Valley Providers Heap Scorn on Medicaid Managed Care

A hearing of the Sunset Commission

The Statesman published an article this morning about the scathing testimony heard by the House Committee on Human Services, chaired by Rep. Richard Peña Raymond, at a special hearing held yesterday in Edinburg.

Wanted public and provider feedback on managed care

The Committee traveled to the Valley to hear testimony from Medicaid providers and public about “the impact managed care has had on the quality and cost of health care throughout the state, and review initiatives that managed care organizations have implemented to improve the quality and care.” The hearing was held at the Edinburg Conference Center at Renaissance.

The Rio Grande Guardian had previously reported that the hearing mandate included:

  • Whether access to care and if network adequacy contractual requirements are sufficient;
  • Provider and Medicaid participants’ satisfaction within STAR, STAR Health, Star Kids, and STAR+Plus managed care programs; and
  • The Health and Human Services Commission’s oversight of managed care organizations to make recommendations for any needed improvement.

Paid late, overloaded with paperwork, deny critical care

Per the Statesman article, the complaints could be summarized as “pay providers late, overload them with paperwork and deny their patients access to critical care.”  No dentists apparently testified.

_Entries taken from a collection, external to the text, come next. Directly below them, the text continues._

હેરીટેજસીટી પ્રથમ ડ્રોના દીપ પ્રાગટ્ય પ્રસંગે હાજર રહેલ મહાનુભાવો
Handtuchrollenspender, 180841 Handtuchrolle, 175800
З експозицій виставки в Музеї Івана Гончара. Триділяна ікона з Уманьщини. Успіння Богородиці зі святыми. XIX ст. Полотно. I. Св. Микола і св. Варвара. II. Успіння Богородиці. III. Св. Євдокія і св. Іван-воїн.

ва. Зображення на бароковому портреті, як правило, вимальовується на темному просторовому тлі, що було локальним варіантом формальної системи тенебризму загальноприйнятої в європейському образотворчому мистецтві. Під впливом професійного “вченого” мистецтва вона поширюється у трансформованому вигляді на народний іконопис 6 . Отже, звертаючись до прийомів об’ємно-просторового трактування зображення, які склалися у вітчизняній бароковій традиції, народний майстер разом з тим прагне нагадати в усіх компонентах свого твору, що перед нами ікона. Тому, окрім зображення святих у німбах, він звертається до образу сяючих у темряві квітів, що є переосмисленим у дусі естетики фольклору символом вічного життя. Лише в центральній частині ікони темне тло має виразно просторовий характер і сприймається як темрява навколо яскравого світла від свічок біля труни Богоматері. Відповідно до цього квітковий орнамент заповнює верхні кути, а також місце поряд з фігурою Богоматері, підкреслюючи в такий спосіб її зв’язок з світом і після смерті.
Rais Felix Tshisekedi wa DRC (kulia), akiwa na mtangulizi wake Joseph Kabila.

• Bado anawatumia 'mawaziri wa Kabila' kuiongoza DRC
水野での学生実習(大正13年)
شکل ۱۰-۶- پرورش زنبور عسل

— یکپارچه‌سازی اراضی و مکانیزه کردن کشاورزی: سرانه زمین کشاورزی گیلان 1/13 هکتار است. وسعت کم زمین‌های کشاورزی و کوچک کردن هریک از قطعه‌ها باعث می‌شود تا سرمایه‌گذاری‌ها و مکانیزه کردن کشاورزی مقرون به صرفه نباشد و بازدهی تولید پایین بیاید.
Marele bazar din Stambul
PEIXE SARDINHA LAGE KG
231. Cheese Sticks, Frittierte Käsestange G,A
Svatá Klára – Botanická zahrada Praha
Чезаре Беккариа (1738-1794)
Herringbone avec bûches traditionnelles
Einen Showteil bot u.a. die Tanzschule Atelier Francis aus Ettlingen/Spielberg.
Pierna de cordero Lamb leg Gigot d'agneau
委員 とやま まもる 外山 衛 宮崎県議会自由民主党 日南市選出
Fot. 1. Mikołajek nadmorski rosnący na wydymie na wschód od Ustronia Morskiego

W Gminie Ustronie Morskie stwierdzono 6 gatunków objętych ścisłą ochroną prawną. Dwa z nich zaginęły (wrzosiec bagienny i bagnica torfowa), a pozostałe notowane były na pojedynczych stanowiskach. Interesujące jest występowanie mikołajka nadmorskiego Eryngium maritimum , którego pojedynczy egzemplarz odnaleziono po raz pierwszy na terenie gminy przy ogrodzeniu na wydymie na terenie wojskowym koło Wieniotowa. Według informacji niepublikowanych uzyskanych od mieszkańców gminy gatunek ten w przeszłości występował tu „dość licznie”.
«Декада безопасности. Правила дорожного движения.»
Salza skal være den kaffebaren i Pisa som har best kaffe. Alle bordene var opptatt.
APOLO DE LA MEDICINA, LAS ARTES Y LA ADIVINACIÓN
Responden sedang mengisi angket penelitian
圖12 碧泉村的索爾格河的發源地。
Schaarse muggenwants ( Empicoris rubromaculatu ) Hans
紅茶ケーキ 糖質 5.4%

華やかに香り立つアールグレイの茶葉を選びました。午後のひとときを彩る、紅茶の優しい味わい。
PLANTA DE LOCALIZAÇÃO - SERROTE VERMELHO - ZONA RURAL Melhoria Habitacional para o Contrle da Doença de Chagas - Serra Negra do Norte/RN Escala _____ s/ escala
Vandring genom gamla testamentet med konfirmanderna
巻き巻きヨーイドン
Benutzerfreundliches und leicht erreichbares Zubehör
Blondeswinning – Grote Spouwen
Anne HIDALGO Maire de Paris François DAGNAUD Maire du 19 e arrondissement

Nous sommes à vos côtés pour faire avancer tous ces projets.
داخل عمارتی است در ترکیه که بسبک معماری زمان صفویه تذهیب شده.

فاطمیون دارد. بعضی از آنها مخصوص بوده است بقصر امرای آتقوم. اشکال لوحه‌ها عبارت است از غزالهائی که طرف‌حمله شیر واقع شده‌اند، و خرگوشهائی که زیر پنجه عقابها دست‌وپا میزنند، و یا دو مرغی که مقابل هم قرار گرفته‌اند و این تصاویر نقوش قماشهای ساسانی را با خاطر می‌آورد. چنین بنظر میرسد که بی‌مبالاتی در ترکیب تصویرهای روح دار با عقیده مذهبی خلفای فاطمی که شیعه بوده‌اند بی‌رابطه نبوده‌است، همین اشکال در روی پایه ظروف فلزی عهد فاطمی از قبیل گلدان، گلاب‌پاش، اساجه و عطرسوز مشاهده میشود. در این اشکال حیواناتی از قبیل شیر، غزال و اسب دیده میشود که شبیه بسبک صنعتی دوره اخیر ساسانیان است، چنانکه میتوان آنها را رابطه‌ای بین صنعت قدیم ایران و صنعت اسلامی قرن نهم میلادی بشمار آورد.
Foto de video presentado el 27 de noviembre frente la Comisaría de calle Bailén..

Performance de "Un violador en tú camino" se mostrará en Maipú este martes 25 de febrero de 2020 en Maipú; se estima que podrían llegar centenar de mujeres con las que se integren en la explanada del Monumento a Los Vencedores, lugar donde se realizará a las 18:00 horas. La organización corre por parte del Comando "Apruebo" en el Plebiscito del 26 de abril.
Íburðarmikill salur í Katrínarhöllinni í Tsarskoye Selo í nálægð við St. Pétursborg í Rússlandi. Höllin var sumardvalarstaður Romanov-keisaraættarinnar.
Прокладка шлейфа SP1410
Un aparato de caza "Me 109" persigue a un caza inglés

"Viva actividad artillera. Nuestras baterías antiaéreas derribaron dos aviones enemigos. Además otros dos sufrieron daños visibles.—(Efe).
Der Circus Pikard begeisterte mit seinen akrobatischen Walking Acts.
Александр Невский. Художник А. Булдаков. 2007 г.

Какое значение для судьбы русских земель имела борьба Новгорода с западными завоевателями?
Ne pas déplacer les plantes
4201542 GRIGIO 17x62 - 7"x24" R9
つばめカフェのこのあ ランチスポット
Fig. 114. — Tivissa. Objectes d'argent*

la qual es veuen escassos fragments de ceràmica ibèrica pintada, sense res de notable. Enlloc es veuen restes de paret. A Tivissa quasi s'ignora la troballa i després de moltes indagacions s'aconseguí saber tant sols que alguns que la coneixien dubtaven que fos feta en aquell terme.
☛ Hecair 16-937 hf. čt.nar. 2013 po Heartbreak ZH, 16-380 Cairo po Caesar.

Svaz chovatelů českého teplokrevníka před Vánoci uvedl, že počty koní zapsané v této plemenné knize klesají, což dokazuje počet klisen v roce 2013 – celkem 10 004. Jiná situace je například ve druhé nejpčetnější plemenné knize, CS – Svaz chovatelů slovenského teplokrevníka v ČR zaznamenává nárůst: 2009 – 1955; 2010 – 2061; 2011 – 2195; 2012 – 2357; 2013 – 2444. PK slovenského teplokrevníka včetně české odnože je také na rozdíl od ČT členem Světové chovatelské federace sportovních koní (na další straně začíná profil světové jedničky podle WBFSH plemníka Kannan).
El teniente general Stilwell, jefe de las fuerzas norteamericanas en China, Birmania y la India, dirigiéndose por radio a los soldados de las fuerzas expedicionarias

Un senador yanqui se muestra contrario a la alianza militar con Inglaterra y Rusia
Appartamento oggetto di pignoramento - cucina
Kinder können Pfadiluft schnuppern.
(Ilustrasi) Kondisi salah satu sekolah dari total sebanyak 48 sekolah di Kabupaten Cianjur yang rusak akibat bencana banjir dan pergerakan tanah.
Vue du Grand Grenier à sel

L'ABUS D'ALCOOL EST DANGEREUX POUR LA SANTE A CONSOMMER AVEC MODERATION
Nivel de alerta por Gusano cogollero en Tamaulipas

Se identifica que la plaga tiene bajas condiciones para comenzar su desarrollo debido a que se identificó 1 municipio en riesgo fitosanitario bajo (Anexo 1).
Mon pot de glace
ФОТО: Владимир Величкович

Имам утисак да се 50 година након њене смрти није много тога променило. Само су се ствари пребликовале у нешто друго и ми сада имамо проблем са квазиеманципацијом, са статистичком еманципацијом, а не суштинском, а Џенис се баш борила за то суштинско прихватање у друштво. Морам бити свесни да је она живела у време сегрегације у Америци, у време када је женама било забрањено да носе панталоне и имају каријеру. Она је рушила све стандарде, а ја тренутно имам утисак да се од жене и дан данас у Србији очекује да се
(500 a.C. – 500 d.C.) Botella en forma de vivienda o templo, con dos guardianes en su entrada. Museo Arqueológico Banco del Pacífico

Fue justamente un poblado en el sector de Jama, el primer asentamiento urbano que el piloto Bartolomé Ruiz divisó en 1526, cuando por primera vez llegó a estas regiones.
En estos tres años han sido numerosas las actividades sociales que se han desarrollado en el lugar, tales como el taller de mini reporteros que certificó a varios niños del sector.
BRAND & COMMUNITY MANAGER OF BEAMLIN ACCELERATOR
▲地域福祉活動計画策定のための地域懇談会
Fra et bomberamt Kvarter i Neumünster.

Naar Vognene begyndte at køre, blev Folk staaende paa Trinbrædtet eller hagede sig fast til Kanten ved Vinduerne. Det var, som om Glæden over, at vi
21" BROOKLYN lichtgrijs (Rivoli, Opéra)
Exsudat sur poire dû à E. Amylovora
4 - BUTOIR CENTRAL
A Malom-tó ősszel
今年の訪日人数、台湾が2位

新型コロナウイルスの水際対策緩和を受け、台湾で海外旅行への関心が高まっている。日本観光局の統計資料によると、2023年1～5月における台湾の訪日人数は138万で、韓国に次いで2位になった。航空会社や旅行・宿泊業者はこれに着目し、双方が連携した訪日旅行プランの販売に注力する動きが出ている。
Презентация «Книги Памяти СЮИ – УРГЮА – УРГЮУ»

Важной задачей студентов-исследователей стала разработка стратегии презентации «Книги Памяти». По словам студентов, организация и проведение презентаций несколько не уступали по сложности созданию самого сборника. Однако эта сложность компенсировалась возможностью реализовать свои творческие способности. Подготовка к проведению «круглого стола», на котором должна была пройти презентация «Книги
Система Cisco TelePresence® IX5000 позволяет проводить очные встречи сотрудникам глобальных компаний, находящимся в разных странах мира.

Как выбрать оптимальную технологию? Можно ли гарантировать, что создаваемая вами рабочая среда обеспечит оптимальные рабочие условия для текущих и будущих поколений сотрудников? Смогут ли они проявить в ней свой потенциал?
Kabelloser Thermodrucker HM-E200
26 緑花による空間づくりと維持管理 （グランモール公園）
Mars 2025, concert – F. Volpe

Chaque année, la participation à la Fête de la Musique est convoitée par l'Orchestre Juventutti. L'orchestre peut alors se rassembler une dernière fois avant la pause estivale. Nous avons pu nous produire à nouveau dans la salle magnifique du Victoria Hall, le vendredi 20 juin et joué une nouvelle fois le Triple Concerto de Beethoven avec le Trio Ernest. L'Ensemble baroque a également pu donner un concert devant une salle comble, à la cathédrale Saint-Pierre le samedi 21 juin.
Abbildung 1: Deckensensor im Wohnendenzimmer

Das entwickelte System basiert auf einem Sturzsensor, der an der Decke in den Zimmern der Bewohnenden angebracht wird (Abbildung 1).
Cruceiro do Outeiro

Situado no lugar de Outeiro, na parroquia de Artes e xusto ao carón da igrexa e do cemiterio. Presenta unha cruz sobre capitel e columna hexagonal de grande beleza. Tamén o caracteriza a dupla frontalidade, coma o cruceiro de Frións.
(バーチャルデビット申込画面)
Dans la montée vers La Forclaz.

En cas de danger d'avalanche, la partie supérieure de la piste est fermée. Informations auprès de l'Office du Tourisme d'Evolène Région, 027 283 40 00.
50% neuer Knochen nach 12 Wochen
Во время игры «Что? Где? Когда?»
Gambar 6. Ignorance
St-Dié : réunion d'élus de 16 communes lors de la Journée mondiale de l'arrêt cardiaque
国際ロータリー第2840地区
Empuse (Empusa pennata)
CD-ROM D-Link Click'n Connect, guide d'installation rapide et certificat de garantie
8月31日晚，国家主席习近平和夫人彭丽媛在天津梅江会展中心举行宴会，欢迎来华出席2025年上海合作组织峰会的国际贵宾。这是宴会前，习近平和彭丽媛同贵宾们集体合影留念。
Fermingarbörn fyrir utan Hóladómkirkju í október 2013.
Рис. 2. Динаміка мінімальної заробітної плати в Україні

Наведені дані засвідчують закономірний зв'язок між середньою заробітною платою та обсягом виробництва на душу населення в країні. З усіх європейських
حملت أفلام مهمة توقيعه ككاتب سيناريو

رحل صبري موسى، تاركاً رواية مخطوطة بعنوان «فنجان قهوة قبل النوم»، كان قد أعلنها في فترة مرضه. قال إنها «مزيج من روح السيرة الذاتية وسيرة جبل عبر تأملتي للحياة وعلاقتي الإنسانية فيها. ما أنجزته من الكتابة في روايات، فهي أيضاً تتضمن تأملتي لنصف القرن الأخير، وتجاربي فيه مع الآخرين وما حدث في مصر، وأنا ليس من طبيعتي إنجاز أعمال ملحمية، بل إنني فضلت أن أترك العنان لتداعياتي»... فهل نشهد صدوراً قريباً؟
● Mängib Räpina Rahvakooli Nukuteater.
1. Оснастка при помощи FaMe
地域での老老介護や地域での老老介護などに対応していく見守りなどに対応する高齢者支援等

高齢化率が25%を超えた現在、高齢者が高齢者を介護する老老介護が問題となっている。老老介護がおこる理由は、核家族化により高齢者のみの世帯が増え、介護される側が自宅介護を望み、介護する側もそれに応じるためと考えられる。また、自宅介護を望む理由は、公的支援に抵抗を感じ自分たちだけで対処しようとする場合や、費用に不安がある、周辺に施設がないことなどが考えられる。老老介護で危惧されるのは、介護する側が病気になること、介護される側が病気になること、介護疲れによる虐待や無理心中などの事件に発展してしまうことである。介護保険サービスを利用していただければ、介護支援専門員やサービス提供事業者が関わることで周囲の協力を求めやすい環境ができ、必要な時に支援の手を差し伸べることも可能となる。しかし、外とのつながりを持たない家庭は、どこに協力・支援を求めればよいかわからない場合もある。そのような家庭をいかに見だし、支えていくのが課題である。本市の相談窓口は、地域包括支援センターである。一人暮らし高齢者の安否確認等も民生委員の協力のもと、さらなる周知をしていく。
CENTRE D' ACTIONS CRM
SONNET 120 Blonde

“Texas Medicaid managed care system faces great but surmountable challenges that must be addressed with all due haste, beginning with enhanced scrutiny not only of the health plans but also how the state’s own actions — including deep funding cuts and insufficient agency staff — jeopardize Medicaid’s ability to care for the neediest among us,” Carlos Cardenas, an Edinburg gastroenterologist and a member of the Texas Medical Association, told the committee.

Managed care organizations fined millions of dollars

Some interesting facts came out of the hearing.

The Statesman reported that Stephanie Muth, HHS deputy executive commissioner, said her agency “has assessed more fines each year against managed care organizations. In 2009, the agency assessed $1.6 million in liquidated damages, and in the first three quarters of 2017, the agency assessed $27.4 million.”

Also, Muth told the hearing that HHS has “freed up $4.5 million to add 98 employees over the next two years to contract oversight” to finally overcome the continuing criticism of agency performance in this area.